Entretanto, não deixa de ser simbólica a associação entre criador e criatura, que poderiam ser vistos como doppelgängers (duplos), espelhando sentimentos e questionamentos um do outro. Ou, na avaliação do professor e jornalista Décio Osmar Bombassaro, graduado em Letras e mestre em Filosofia:
– Frankenstein e sua criatura constituem as metades de um só eu. Essas metades são antitéticas, ou contrárias, com as emoções e a mente do cientista voltadas para dentro, e as da criatura, para o exterior, em busca de mais humanização.
Daí surge um paradoxo:
– Victor Frankenstein foi bem sucedido em criar o Homem Natural, pois a sua criatura era mais imaginativa do que ele próprio – diz Bombassaro, acrescentando que o criador cometeu o erro moral de não ser capaz de amar sua criatura, fugindo a suas responsabilidades.
Vale lembrar que, no original, a criatura – ou monstro, ou demônio, como também é chamado em alguns momentos pelo personagem-narrador –, além de aprender a falar e até ler, não é intrinsecamente má. Abandonada à própria sorte por seu criador, ela é continuamente rejeitada por quem encontra no caminho. Em determinado ponto da história, salva uma moça que está se afogando, mas, ao deitá-la às margens do rio, um homem que chega pensa que ele a está matando e começa, com outros, a persegui-lo.

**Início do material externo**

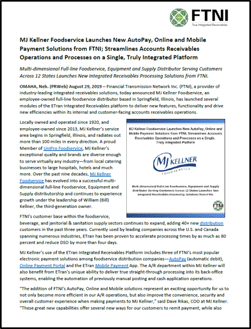 “The addition of FTNI’s AutoPay, Online and Mobile solutions represent an exciting opportunity for us to not only become more efficient in our A/R operations, but also improve the convenience, security and overall customer experience when making payments to MJ Kellner,” said Dave Rikas, COO at MJ Kellner. “These great new capabilities offer several new ways for our customers to remit payment, while also driving new operational efficiencies within our receivables organization—it really is the best of both worlds.”
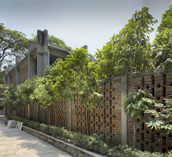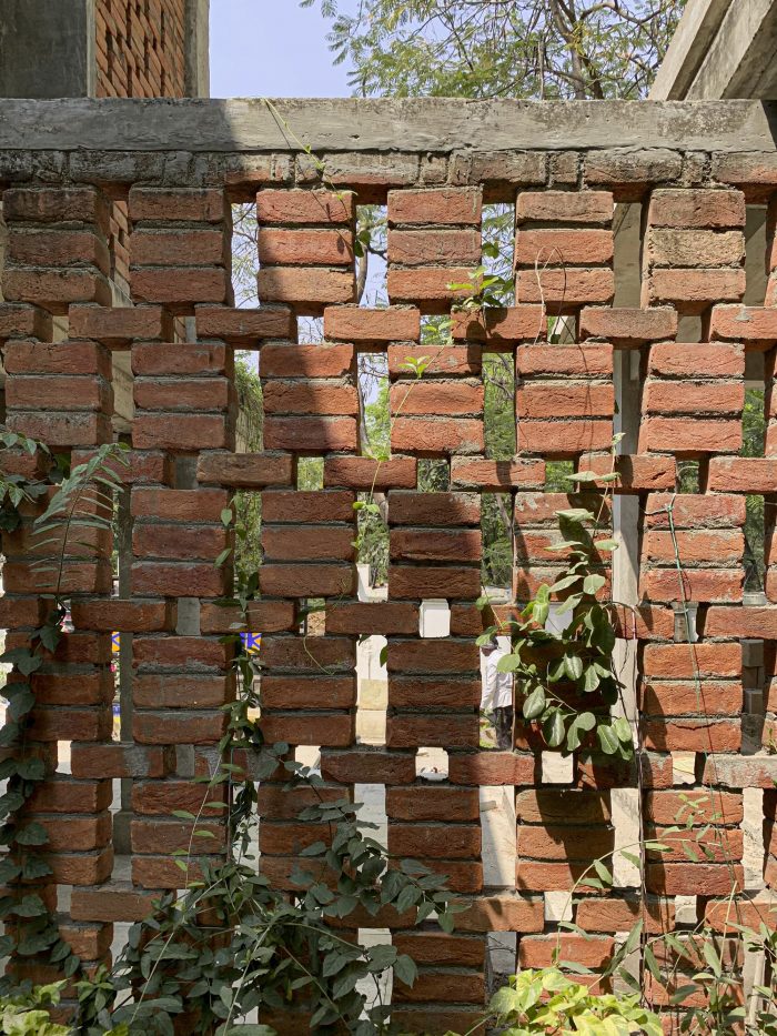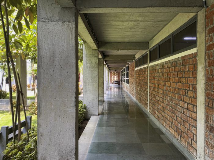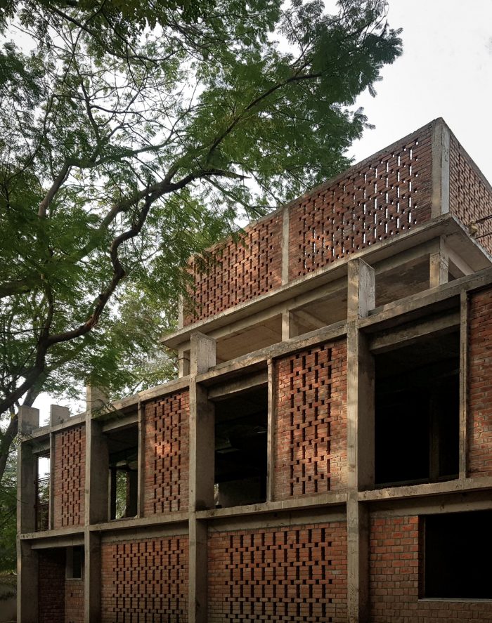 A modest study center nestled in the trees has been purposefully removed from the main building to provide isolation and sanctity. A temple for meditation along with a water body is placed between the old and the new built. Washrooms are planned to face the greenery towards an enclosed courtyard made of brick jaali. The structural system is kept simple and modular to allow seamless vertical expansion in years to come. Form finished concrete and exposed brickwork with local bricks impart an earthy and grounded look to the building. Rat trap bond brick masonry provides thermal insulation besides saving on bricks. Not to mention the saving on the plaster or paint now and in the future.

Na sequência, numa atitude que poderia ser classificada como defensiva, ele acaba matando, e depois não para mais, na busca pela vingança contra quem o fez e depois desistiu dele.
Aí entra um aspecto muito importante, levantado por Bombassaro: se o experimento de Victor Frankenstein tivesse resultado numa criatura mais agradável esteticamente, certamente o resultado não seria tão desastroso, com as pessoas encarando o novo ser com menos aversão (e, consequentemente, não reagiria com tal violência).
Isso pode dizer muito sobre quem, afinal, é o monstro da história.